Given records: Begin

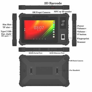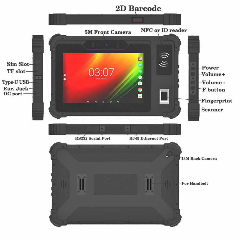 12.I/O ports:1*DC port,1* Ethernet RJ45 Port (optional),1*RS232 Serial port (optional),1*Type-C USB Port,1*Earphone jack,1*micro Sim card slot,1*TF card slot;
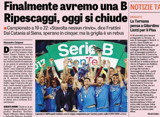 Gazzetta dello Sport: “Finalmente avremo una B. Ripescaggi, oggi si chiude”
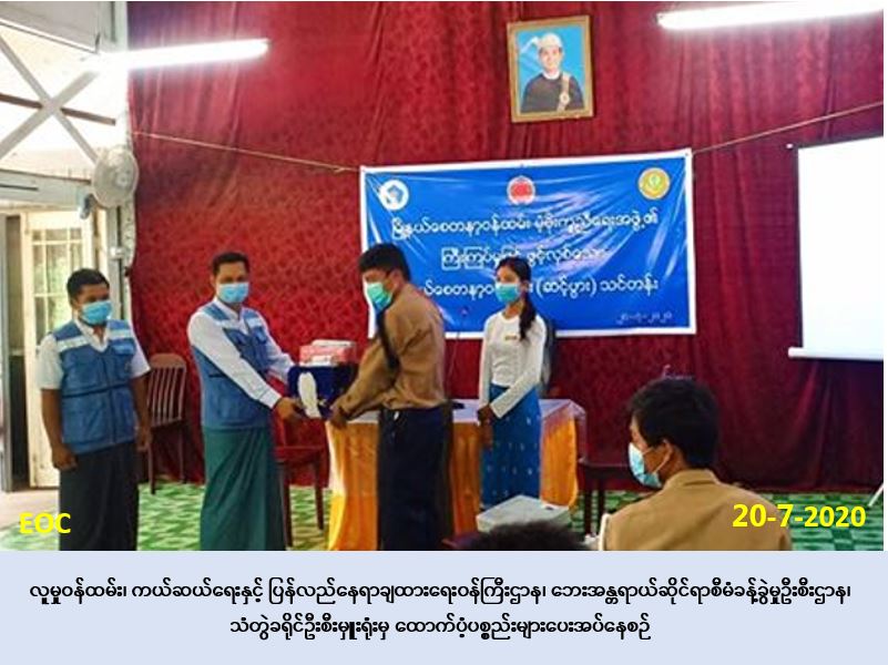 လူမှုဝန်ထမ်း၊ ကယ်ဆယ်ရေးနှင့် ပြန်လည်နေရာချထားရေးဝန်ကြီးဌာန၊ ဘေးအန္တရာယ်ဆိုင်ရာ စီမံခန့်ခွဲမှုဦးစီးဌာန၊ သံတွဲခရိုင်ဦးစီးမှုးရုံးမှ တာဝန်ရှိသူများသည်(၂၀-၇-၂၀၂၀) ရက်နေ့၊ နံနက် (၁၀:၀၀) အချိန်တွင် Irrawaddy Green Towers Ltd နှင့်ပူးပေါင်း၍ ကိုရိုနာဗိုင်းရပ်စ်ရောဂါ Covid-19 ကြိုတင်ကာကွယ်ရေး အထောက်အကူပြု ပစ္စည်းများကို သံတွဲခရိုင် ၊ သံတွဲမြို့နယ် အထွေထွေအုပ်ချုပ်ရေး ဦးစီးဌာနခန်းမ၌ ကျင်းပပြုလုပ်သော မြို့နယ်စေတနာ့ဝန်ထမ်း ပံ့ပိုးကူရေးအဖွဲ့၏ ကြီးကြပ်မှုဖြင့် ဖွင့်လှစ်သော မြို့နယ်စေတနာ့ဝန်ထမ်း (ဆင့်ပွား) သင်တန်း၌ လှူဒါန်းပေးအပ်ခဲ့ကြောင်း သတင်းရရှိပါသည်။
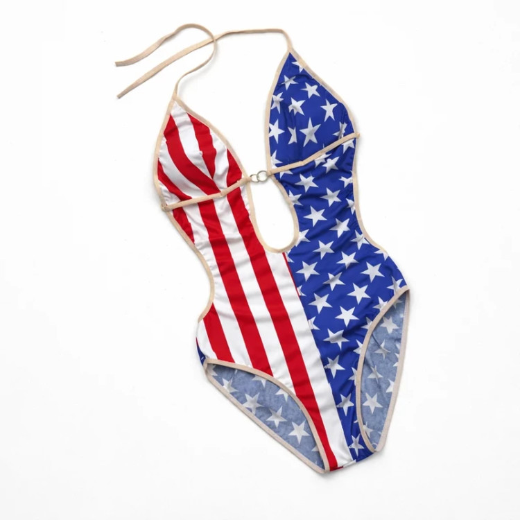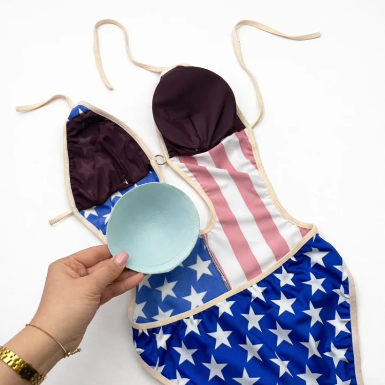 مایو یکتکه پشتباز با طراحی الهامگرفته از پرچم آمریکا، ترکیبی جسورانه از خطوط قرمز و سفید در کنار زمینه آبی با ستارههای سفید است. برش خاص در قسمت جلو با حلقه ظریف فلزی، فرم بدن را کشیدهتر نشان میدهد و طراحی پشتباز آن جلوهای متفاوت و چشمگیر ایجاد میکند. کاپهای داخلی قابل جابهجایی، فرمدهی طبیعی و دلنشینی به سینه میبخشند.
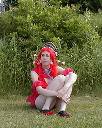 Sailor Kakyuu poses with a Indian Paint Brush flower. |
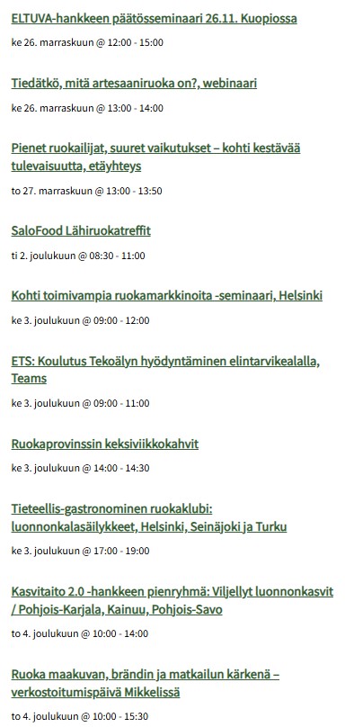 Ilmoitathan omista tapahtumistasi paivi.toyli@helsinki.fi hyvissä ajoin, niin saadaan siten vältettyä päällekkäisyyksiä ja tiedotettua tapahtumista muun muassa Ruokasektorin koordinaatio tiedottaa -uutiskirjeen lopussa. Noin viikoittain ilmestyvän uutiskirjeen voit tilata Päiviltä.
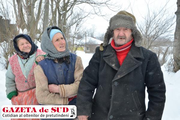 Mai la deal, pe strada principală, o bătrână curăţa zăpada din faţa porţii. „E foarte grea iarna asta! Am curăţat zăpada de dimineaţă la animale, în grădină, la locul unde am nutreţul să le dau de mâncare, la coceni, la paie“, a spus Ioana Marin, o femeie care se gospodăreşte aşa cum poate şi spune că are copiii plecaţi la oraş. Fără să lase lopata din mână, energica femeie a încheiat, concluzionând parcă mai mult pentru ea: „E grea, mamă, iarna, da’ ne descurcăm cum putem!“
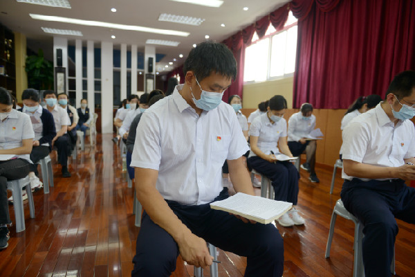 在党课的第二环节,大家集体学习了习近平总书记3月17日主持中央政治局常委会部署从严抓好疫情防控工作、5月5日主持中央政治局常委会研究部署抓紧抓实疫情防控重点工作两个学习材料,深刻认识到我国坚持“外防输入、内防反弹”,不断提升分区分级差异化精准防控水平,快速有效处置局部地区聚集性疫情,最大限度保护了人民生命安全和身体健康,我国经济发展和疫情防控保持全球领先地位,充分体现了我国防控疫情的坚实实力和强大能力,充分彰显了中国共产党领导和我国社会主义制度的显著优势;大家进一步认识到,我们的防控方针是由党的性质和宗旨决定的,我们的防控政策是经得起历史检验的,我们的防控措施是科学有效的在疫情防控工作中,因此必须要深刻、完整、全面认识党中央确定的疫情防控方针政策,坚决克服认识不足、准备不足、工作不足等问题,坚决克服轻视、无所谓、自以为是等思想,始终保持清醒头脑,毫不动摇坚持“动态清零”总方针,坚决同一切歪曲、怀疑、否定我国防疫方针政策的言行作斗争;大家进一步感受到,党员和行政管理人员要继续冲锋在前、顽强拼搏,发挥党支部战斗堡垒和党员先锋模范作用,带领全体师生坚定信心、同舟共济、团结一心做好抗疫工作。
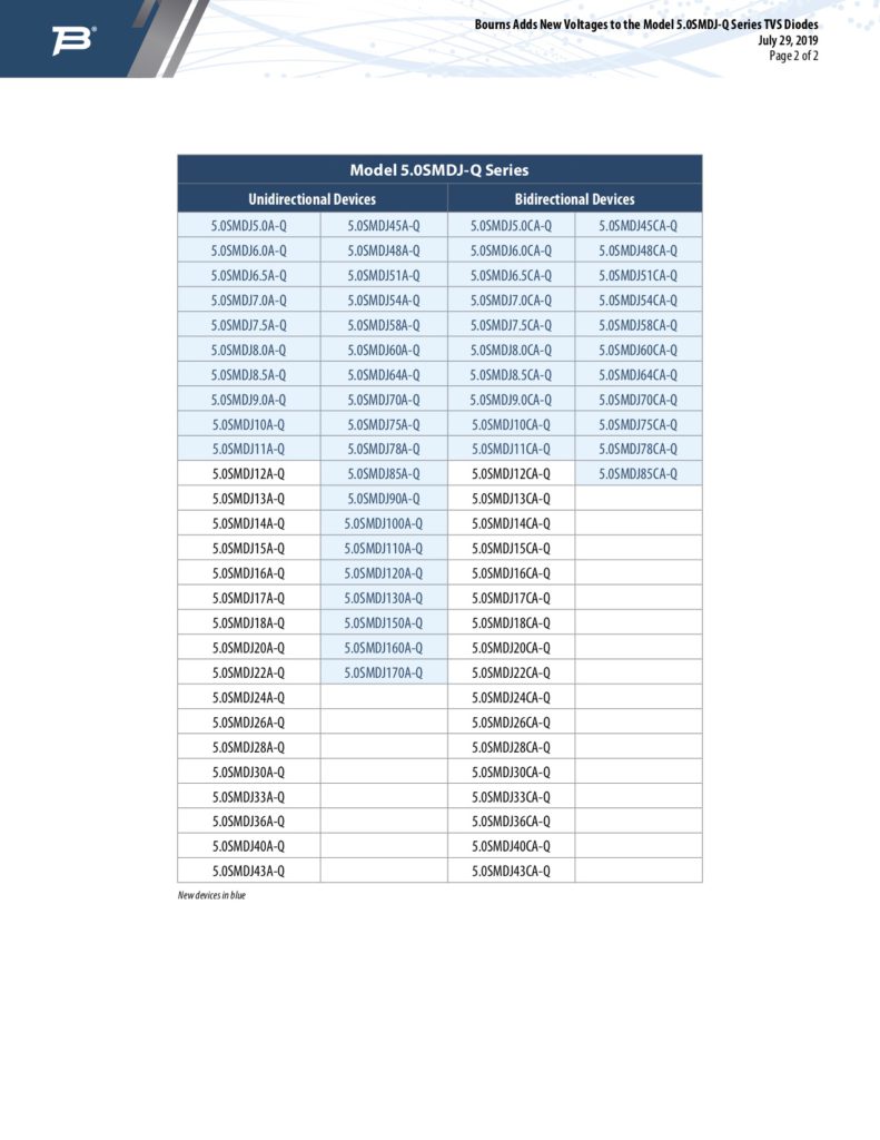 2 Ago 2019 BOURNS ADDS NEW VOLTAGES TO THE MODEL 5.0SMDJ-Q TVS DIODE SERIES da LT2 | pubblicato in: Altro | 0

Given records: End

--- Work instruction ---
Output every entry above verbatim, but leave out the pictures.

--- Solution to this task ---
 12.I/O ports:1*DC port,1* Ethernet RJ45 Port (optional),1*RS232 Serial port (optional),1*Type-C USB Port,1*Earphone jack,1*micro Sim card slot,1*TF card slot;
 Gazzetta dello Sport: “Finalmente avremo una B. Ripescaggi, oggi si chiude”
 လူမှုဝန်ထမ်း၊ ကယ်ဆယ်ရေးနှင့် ပြန်လည်နေရာချထားရေးဝန်ကြီးဌာန၊ ဘေးအန္တရာယ်ဆိုင်ရာ စီမံခန့်ခွဲမှုဦးစီးဌာန၊ သံတွဲခရိုင်ဦးစီးမှုးရုံးမှ တာဝန်ရှိသူများသည်(၂၀-၇-၂၀၂၀) ရက်နေ့၊ နံနက် (၁၀:၀၀) အချိန်တွင် Irrawaddy Green Towers Ltd နှင့်ပူးပေါင်း၍ ကိုရိုနာဗိုင်းရပ်စ်ရောဂါ Covid-19 ကြိုတင်ကာကွယ်ရေး အထောက်အကူပြု ပစ္စည်းများကို သံတွဲခရိုင် ၊ သံတွဲမြို့နယ် အထွေထွေအုပ်ချုပ်ရေး ဦးစီးဌာနခန်းမ၌ ကျင်းပပြုလုပ်သော မြို့နယ်စေတနာ့ဝန်ထမ်း ပံ့ပိုးကူရေးအဖွဲ့၏ ကြီးကြပ်မှုဖြင့် ဖွင့်လှစ်သော မြို့နယ်စေတနာ့ဝန်ထမ်း (ဆင့်ပွား) သင်တန်း၌ လှူဒါန်းပေးအပ်ခဲ့ကြောင်း သတင်းရရှိပါသည်။
 مایو یکتکه پشتباز با طراحی الهامگرفته از پرچم آمریکا، ترکیبی جسورانه از خطوط قرمز و سفید در کنار زمینه آبی با ستارههای سفید است. برش خاص در قسمت جلو با حلقه ظریف فلزی، فرم بدن را کشیدهتر نشان میدهد و طراحی پشتباز آن جلوهای متفاوت و چشمگیر ایجاد میکند. کاپهای داخلی قابل جابهجایی، فرمدهی طبیعی و دلنشینی به سینه میبخشند.
 Sailor Kakyuu poses with a Indian Paint Brush flower. |
 Ilmoitathan omista tapahtumistasi paivi.toyli@helsinki.fi hyvissä ajoin, niin saadaan siten vältettyä päällekkäisyyksiä ja tiedotettua tapahtumista muun muassa Ruokasektorin koordinaatio tiedottaa -uutiskirjeen lopussa. Noin viikoittain ilmestyvän uutiskirjeen voit tilata Päiviltä.
 Mai la deal, pe strada principală, o bătrână curăţa zăpada din faţa porţii. „E foarte grea iarna asta! Am curăţat zăpada de dimineaţă la animale, în grădină, la locul unde am nutreţul să le dau de mâncare, la coceni, la paie“, a spus Ioana Marin, o femeie care se gospodăreşte aşa cum poate şi spune că are copiii plecaţi la oraş. Fără să lase lopata din mână, energica femeie a încheiat, concluzionând parcă mai mult pentru ea: „E grea, mamă, iarna, da’ ne descurcăm cum putem!“
 在党课的第二环节,大家集体学习了习近平总书记3月17日主持中央政治局常委会部署从严抓好疫情防控工作、5月5日主持中央政治局常委会研究部署抓紧抓实疫情防控重点工作两个学习材料,深刻认识到我国坚持“外防输入、内防反弹”,不断提升分区分级差异化精准防控水平,快速有效处置局部地区聚集性疫情,最大限度保护了人民生命安全和身体健康,我国经济发展和疫情防控保持全球领先地位,充分体现了我国防控疫情的坚实实力和强大能力,充分彰显了中国共产党领导和我国社会主义制度的显著优势;大家进一步认识到,我们的防控方针是由党的性质和宗旨决定的,我们的防控政策是经得起历史检验的,我们的防控措施是科学有效的在疫情防控工作中,因此必须要深刻、完整、全面认识党中央确定的疫情防控方针政策,坚决克服认识不足、准备不足、工作不足等问题,坚决克服轻视、无所谓、自以为是等思想,始终保持清醒头脑,毫不动摇坚持“动态清零”总方针,坚决同一切歪曲、怀疑、否定我国防疫方针政策的言行作斗争;大家进一步感受到,党员和行政管理人员要继续冲锋在前、顽强拼搏,发挥党支部战斗堡垒和党员先锋模范作用,带领全体师生坚定信心、同舟共济、团结一心做好抗疫工作。
 2 Ago 2019 BOURNS ADDS NEW VOLTAGES TO THE MODEL 5.0SMDJ-Q TVS DIODE SERIES da LT2 | pubblicato in: Altro | 0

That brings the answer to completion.